Denver Chalk Art Festival
The Denver Chalk Art festival returns to Larimer Square June 1st and 2nd. For the last 17 years, the annual event has flooded the streets with extravagant murals worthy of any gallery. This massive undertaking involves more than 200 artists of all ages and backgrounds. It has become a family favorite, and gives audiences a chance to see spectacular drawings, meet artists, and enjoy live music. Best of all, it’s free to the public.
The participating artists come from all skill levels. While some are professionals, the majority are not. Awards are given for best in show, best use of color, best 3D art, people’s choice, artist’s choice, most whimsical, and best reproduction of a master’s work. One of the greatest parts of this festival is that it has a separate set of awards for youth entries. I can’t think of a more awesome way to get young artists involved in art and interested in developing their skills.
The artists begin their chalky marathon at 10 a.m. Saturday, picking their spots and starting the outlines of their drawings. Music starts at 12:30 with Jackson Harkness Trio, followed by Boot Gun, Sol Burial, Kid Wilderness, and Zen Mustache. Sunday starts again at 10 a.m. with artists filling in their works, mixing chalk to get their ideal colors, and trying to finish before the deadline. Switch Ghost hits the stage first at 12:30, followed by Monk Gyatso. At 5:00 the esteemed panel of judges will announce this year’s awards. After the award ceremony, Latin Sol takes the stage to serenade audiences while they enjoy the finished work.
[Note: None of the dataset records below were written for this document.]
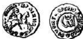
Денга Ивана III с арабской надписью

Но сильна еще была связь русских с Золотой Ордой, и монеты это отражали. Так, на монетах Дмитрия Донского на одной стороне написано: «Султан Тахтамыш Хан. Да упрочится царство его». На другой стороне знаки Дмитрия Донского – человек с секирой или петух. Надписи на двух языках: русском и арабском. Арабские надписи на русских монетах выбивались долго и после освобождения от ига. Так, на монетах Ивана III и Михаила Тверского по-арабски писалось и тут же переводилось по-русски: «Ибан – Иоанн, Михаила Тверча – Михаил Тверской, москов акчасы будыр – есть денга московская».
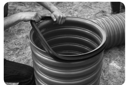
Figur 3. Tætningsring placeres.
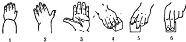
Рис. 3. Этапы развития функций кисти руки ребенка: 1 - положение кисти в 16 недель, 2 и 3 - в 56 недель, 4 - в 60 недель, 5 - в 3 года, 6 - взрослый.

На рис. 3 показано, как совершенствуются движения пальцев рук в процессе развития ребенка. Особое значение имеет период, когда начинается противопоставление большого пальца другим - с этого времени и движения остальных пальцев становятся более свободными.
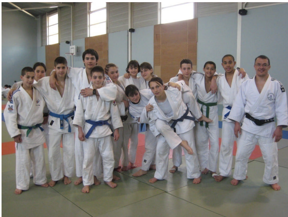
La CDJ en stage à AJACCIO (avril 2008) avec le Pole Espoir de la Corse
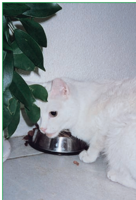
Warum frisst sie denn nicht? Ein Blutbild gibt Aufschluss oder kann zumindest einige mögliche Ursachen ausschliessen.

Ihre Katze frisst immer noch nicht, als Ihnen der Tierarzt am nächsten Tag das Ergebnis der Blutuntersuchung mitteilt: Die Nieren sind gesund, und auch die Leber macht sich gut. Wir haben Glück, der Schilddrüse fehlt nichts, und Folsäure und Vitamin B12 im Blut zeigen, dass der Dünndarm kein Problem mit den Darmbakterien hat. Der Blutzuckerspie-
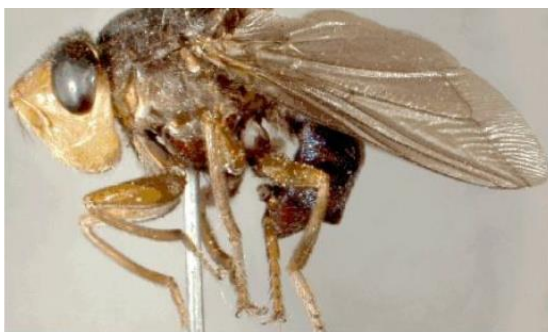
Figura1 - Mosca da espécie Dermatobiahominis .
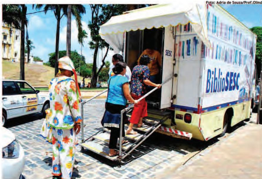
Image: Biblioteca móvel em Olinda, Pernambuco, Brasil.

Bringing books and reading close to those who face the greater difficulties in accessing them.
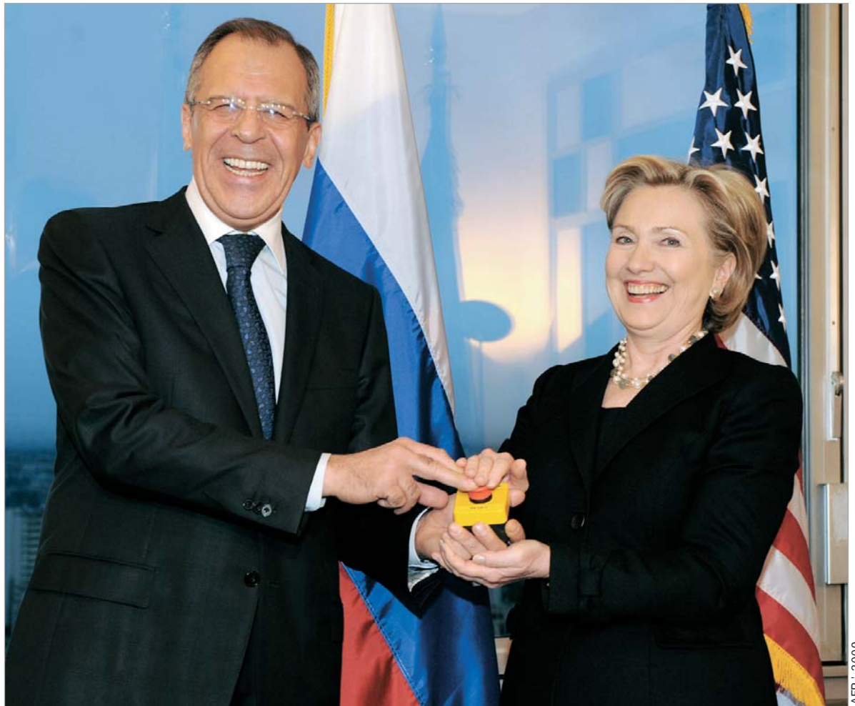
AFP - 2009
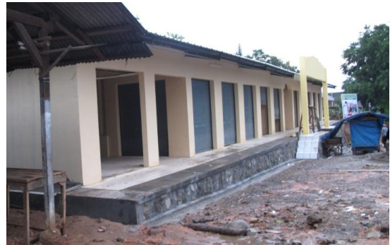
H50 16 Desember 2009
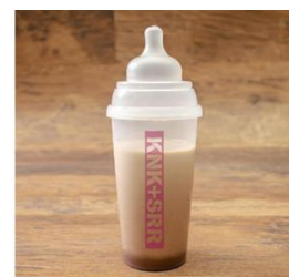
▲闇と狂気の哺乳瓶ドリンク 黒 チョコバナナ
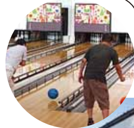
NPO 法人 ふれんど45
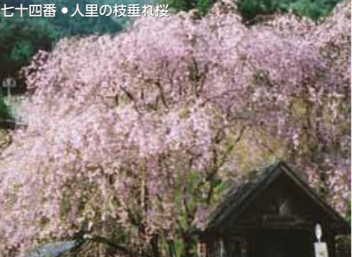
七十四番・人里の枝垂れ桜
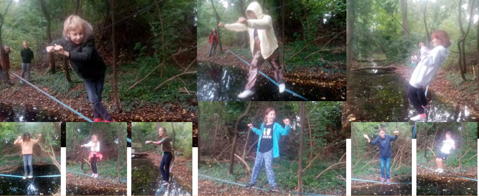
MUT! Das Thema rund um Michaeli. Unsere Schüler bewiesen heuer ihren Mut unter anderem beim Überqueren des Baches auf der Slackline.

Entschluss, es noch ein Mal zu versuchen.
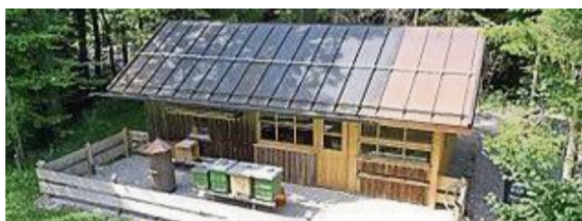
Der Lehrbienenstand der Lenggrieser Imker.

Die Land- und Forstwirte im Gemeindebereich Lenggries werden gebeten, ihren Bedarf an Forstpflanzen für die Frühjahrskultur 2025 bis 31. März in der Gemeindeverwaltung Lenggries zu melden. Die Bestellung kann persönlich im Rathaus, telefonisch unter der Nummer 08042/5008160, schriftlich oder per E-Mail an f.demmel@lenggries.de vorgenommen werden.
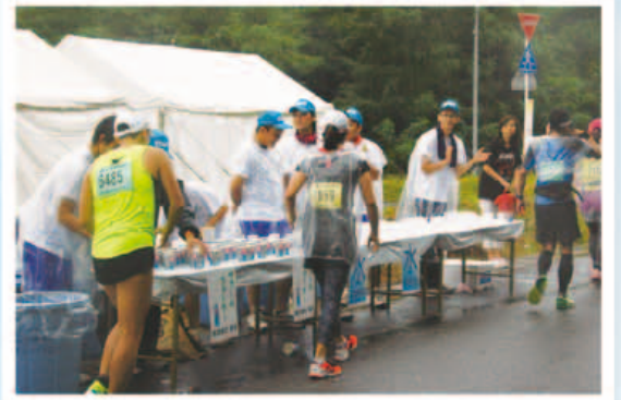
100kmウルトラマラソンボランティア

After seeing the artists work so hard, it can be difficult to accept the temporary aspect of the festival. The drawings are always magnificent. Everywhere you look there are depictions of legendary pop culture icons, fantasy creatures, and reproductions of classic masterpieces. It seems like a shame for them to be washed away by the next rainstorm. The artists, however, have a different perspective. The final product isn’t the goal. The purpose of chalk art is in the process, and the beauty of creating the piece—however short-lived it may be.